→ What is needed
For this exercise, return exactly the lines of the material below that begin at the one with "L'immagine č stata" and stop after the one with "4月3日,四川省綿陽(yán".

→ Given data

= Beginning of Section =

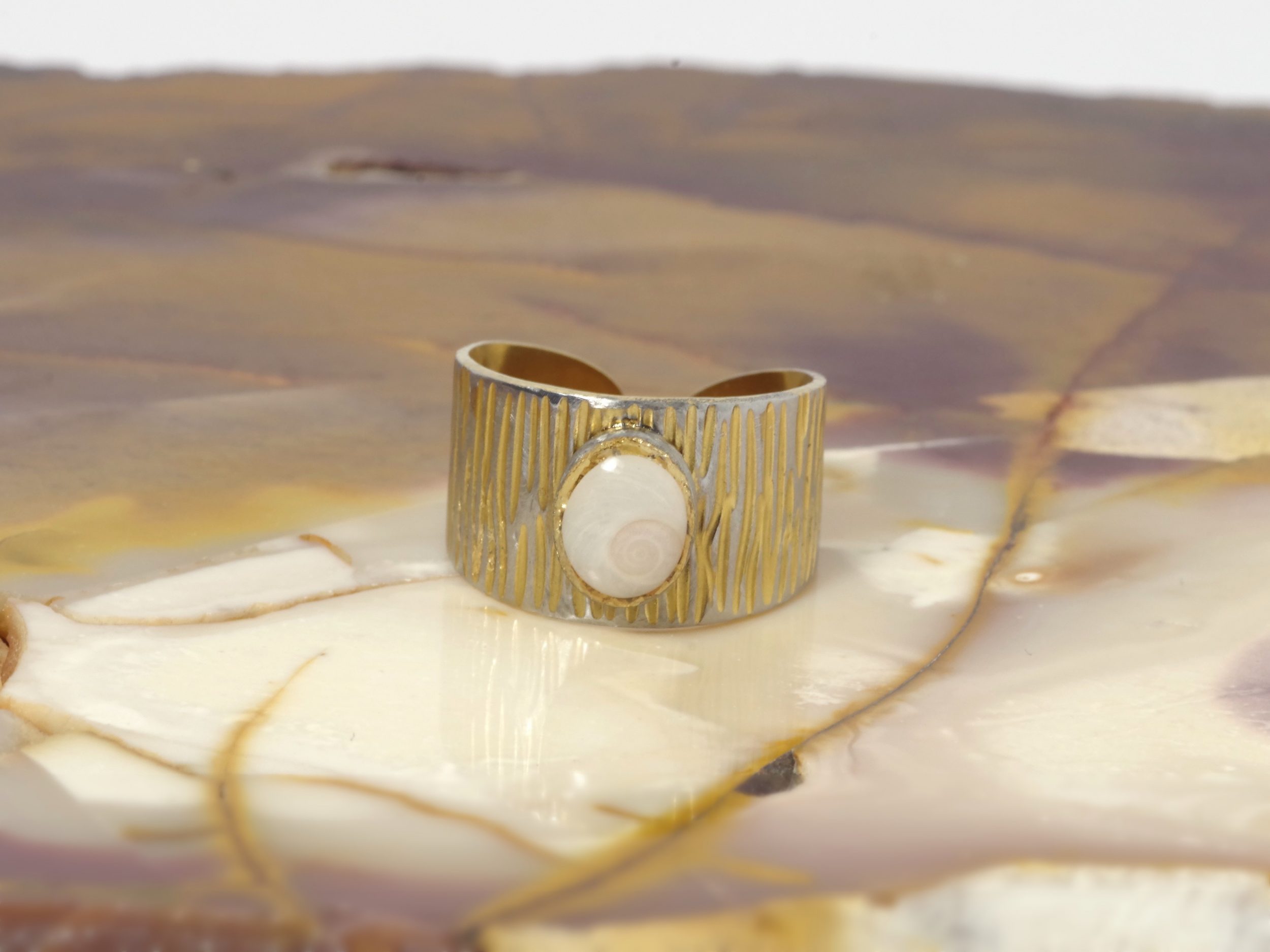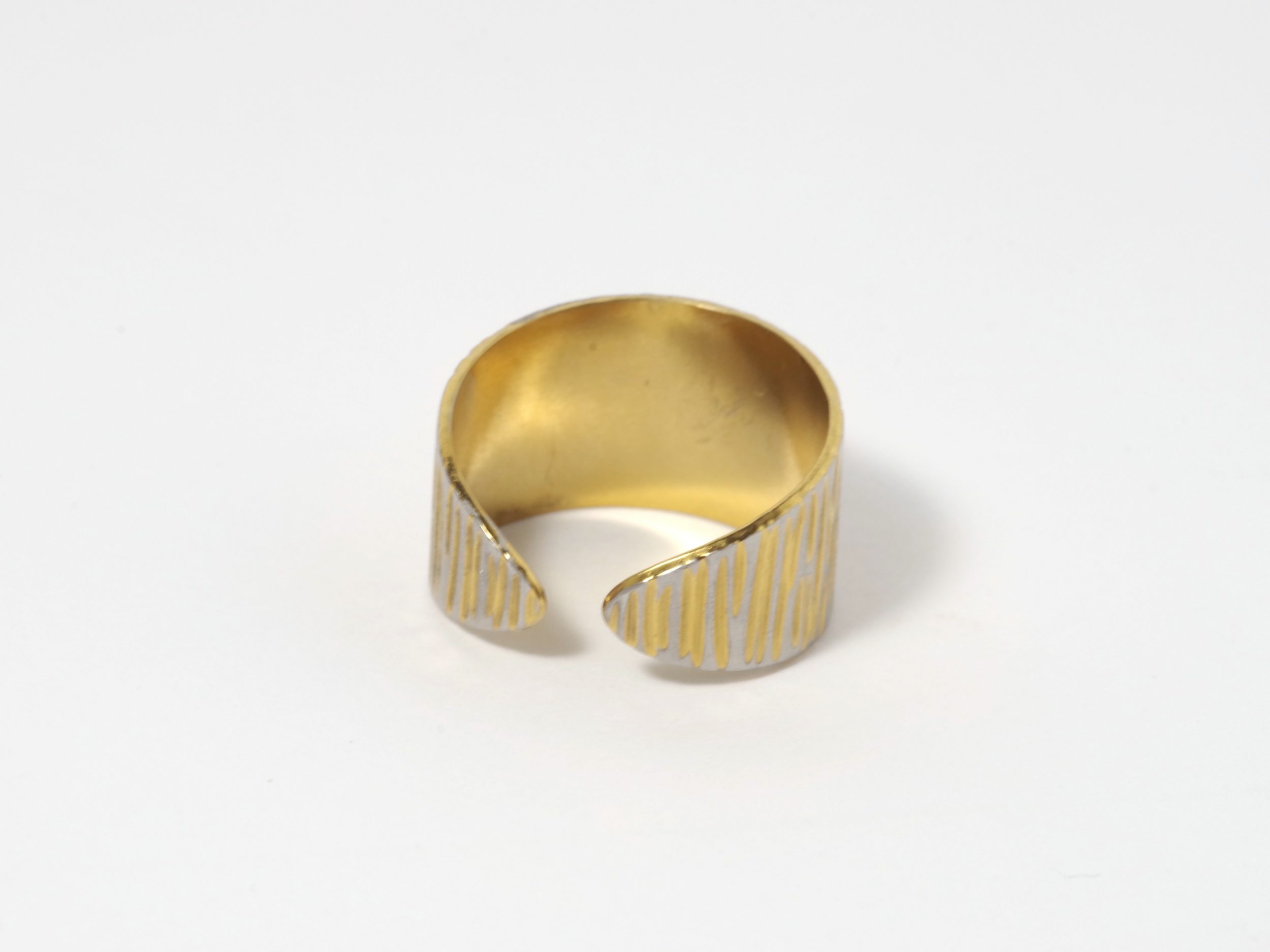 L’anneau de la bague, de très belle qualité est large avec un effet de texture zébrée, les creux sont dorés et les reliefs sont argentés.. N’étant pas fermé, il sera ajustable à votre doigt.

= End of Section =
= Beginning of Section =

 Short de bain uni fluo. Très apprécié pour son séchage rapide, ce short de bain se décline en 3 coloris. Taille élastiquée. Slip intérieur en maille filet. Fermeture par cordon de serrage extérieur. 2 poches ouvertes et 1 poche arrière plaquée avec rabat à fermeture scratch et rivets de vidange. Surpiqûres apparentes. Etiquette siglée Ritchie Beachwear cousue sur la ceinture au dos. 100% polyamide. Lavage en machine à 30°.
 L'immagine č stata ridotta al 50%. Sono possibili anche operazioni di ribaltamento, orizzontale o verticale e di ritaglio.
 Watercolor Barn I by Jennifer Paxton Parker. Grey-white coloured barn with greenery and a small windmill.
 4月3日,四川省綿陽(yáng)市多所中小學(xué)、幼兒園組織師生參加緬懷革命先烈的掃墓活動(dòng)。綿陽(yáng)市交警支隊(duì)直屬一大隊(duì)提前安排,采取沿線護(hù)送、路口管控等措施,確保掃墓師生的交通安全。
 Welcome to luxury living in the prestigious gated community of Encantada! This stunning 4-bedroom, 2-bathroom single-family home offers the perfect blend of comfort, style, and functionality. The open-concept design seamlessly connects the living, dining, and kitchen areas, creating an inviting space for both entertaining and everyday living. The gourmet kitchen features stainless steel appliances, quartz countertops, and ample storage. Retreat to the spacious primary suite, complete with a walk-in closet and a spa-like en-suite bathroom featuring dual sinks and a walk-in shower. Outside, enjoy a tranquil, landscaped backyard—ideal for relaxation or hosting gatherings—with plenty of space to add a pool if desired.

= End of Section =
= Beginning of Section =

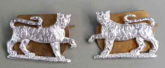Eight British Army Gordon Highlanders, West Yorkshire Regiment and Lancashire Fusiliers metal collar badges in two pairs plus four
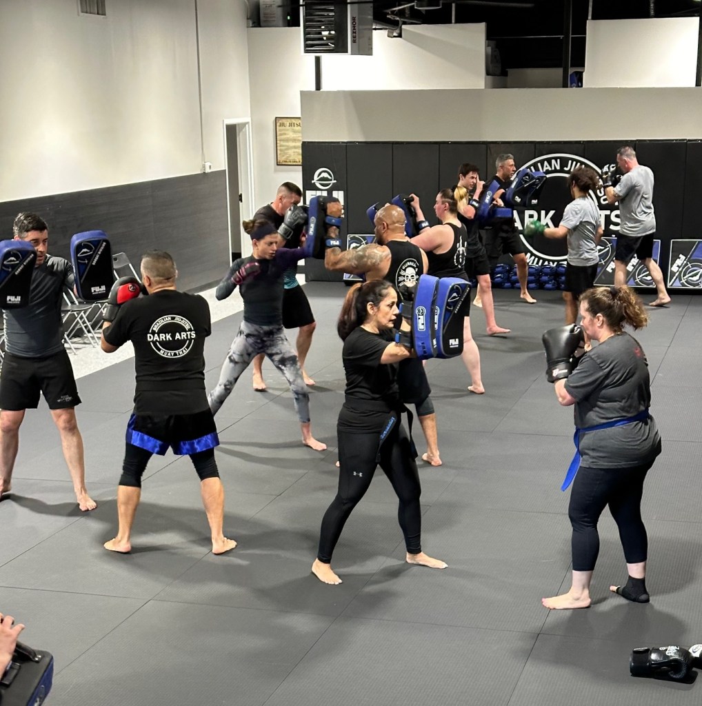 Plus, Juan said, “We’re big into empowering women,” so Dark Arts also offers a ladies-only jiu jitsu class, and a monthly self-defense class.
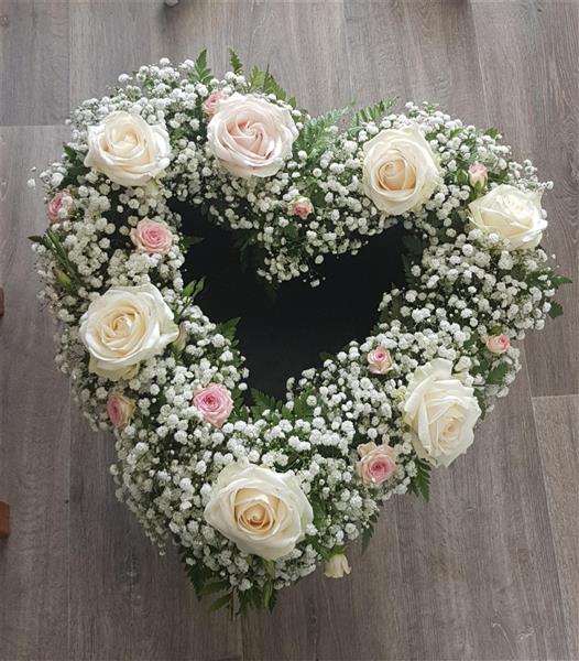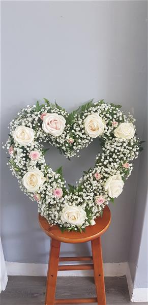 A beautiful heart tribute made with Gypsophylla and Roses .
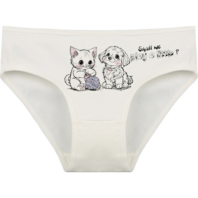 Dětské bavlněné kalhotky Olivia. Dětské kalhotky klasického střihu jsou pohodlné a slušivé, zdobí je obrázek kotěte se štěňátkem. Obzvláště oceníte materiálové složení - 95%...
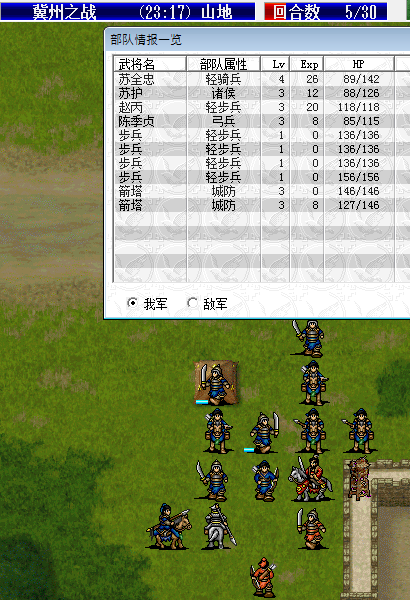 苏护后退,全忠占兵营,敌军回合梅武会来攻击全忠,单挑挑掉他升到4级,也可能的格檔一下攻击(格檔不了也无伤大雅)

= End of Section =

→ Expected answer
 L'immagine č stata ridotta al 50%. Sono possibili anche operazioni di ribaltamento, orizzontale o verticale e di ritaglio.
 Watercolor Barn I by Jennifer Paxton Parker. Grey-white coloured barn with greenery and a small windmill.
 4月3日,四川省綿陽(yáng)市多所中小學(xué)、幼兒園組織師生參加緬懷革命先烈的掃墓活動(dòng)。綿陽(yáng)市交警支隊(duì)直屬一大隊(duì)提前安排,采取沿線護(hù)送、路口管控等措施,確保掃墓師生的交通安全。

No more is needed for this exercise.